Now the chief watchdog of the federal financial rescue wants to know whether the payments AIG made were justified, or whether they could have been reduced via negotiation.
From Bloomberg News:
AIG’s payments to banks including Goldman Sachs Group Inc. after the insurer’s bailout are being probed by Neil Barofsky, special inspector general for the Troubled Asset Relief Program. Barofsky has opened an audit into whether there were attempts made by AIG or the government to reduce the payments, according to an April 3 letter he wrote to Rep. Elijah Cummings. The Maryland Democrat had requested the probe last month along with 26 other lawmakers. Lawmakers, frustrated with the cost of an AIG bailout that expanded three times, have asked why about $50 billion was paid after the rescue to banks that bought credit-default swaps from the firm. Legislators want to know if AIG offered less to retire the contracts and whether there was any review about banks’ ability to sustain losses on the derivatives. ‘To what extent did AIG pay counterparty claims at 100% of face value and was any attempt made to renegotiate and close out these claims with ‘haircuts?’’ Barofsky wrote. ‘Questions concerning whether AIG paid more than necessary to counterparties and whether Treasury adequately monitored such payments are clearly relevant.’

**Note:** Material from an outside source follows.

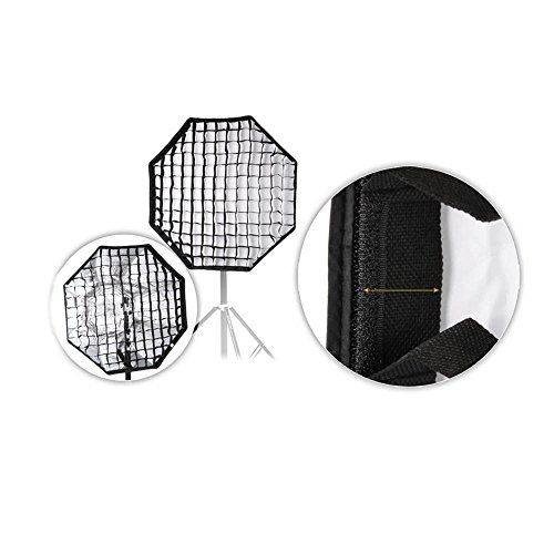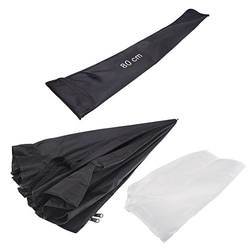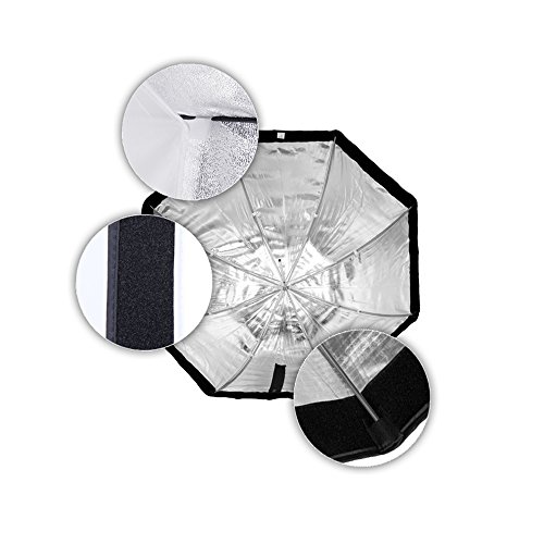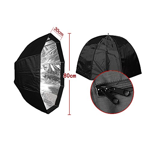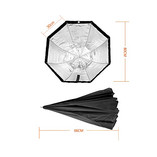 Der Offnungsdurchmesser ist 80 cm, innen mit Silber zu reflektieren und kommt mit Frontlassige Abdeckung, ideal fur Speedlite.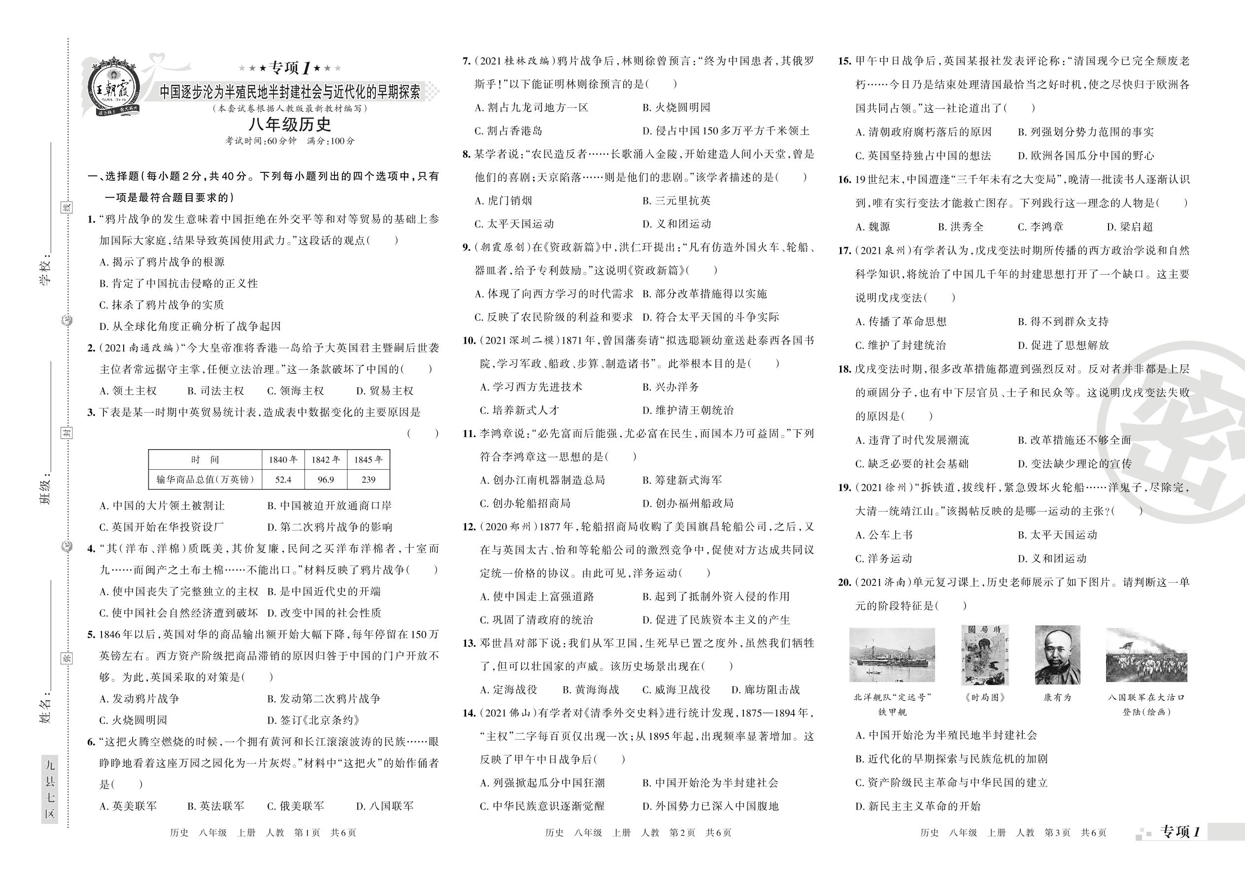 王朝霞期末专项卷——中国逐步沦为半殖民地半封建社会与近代化的早期探索八年级上册历史(人教版)_R211207112407964【1】

AIG on March 15 revealed which banks and other creditors were paid off last fall after the company, on the brink of failure, got an $85-billion loan from the Federal Reserve to make good on what it owed. Among the banks that received billions in payments were Goldman, Merrill Lynch & Co., Germany’s Deutsche Bank and France’s Societe Generale.
The size of the AIG bailout has since doubled, and taxpayers now own 80% of the company.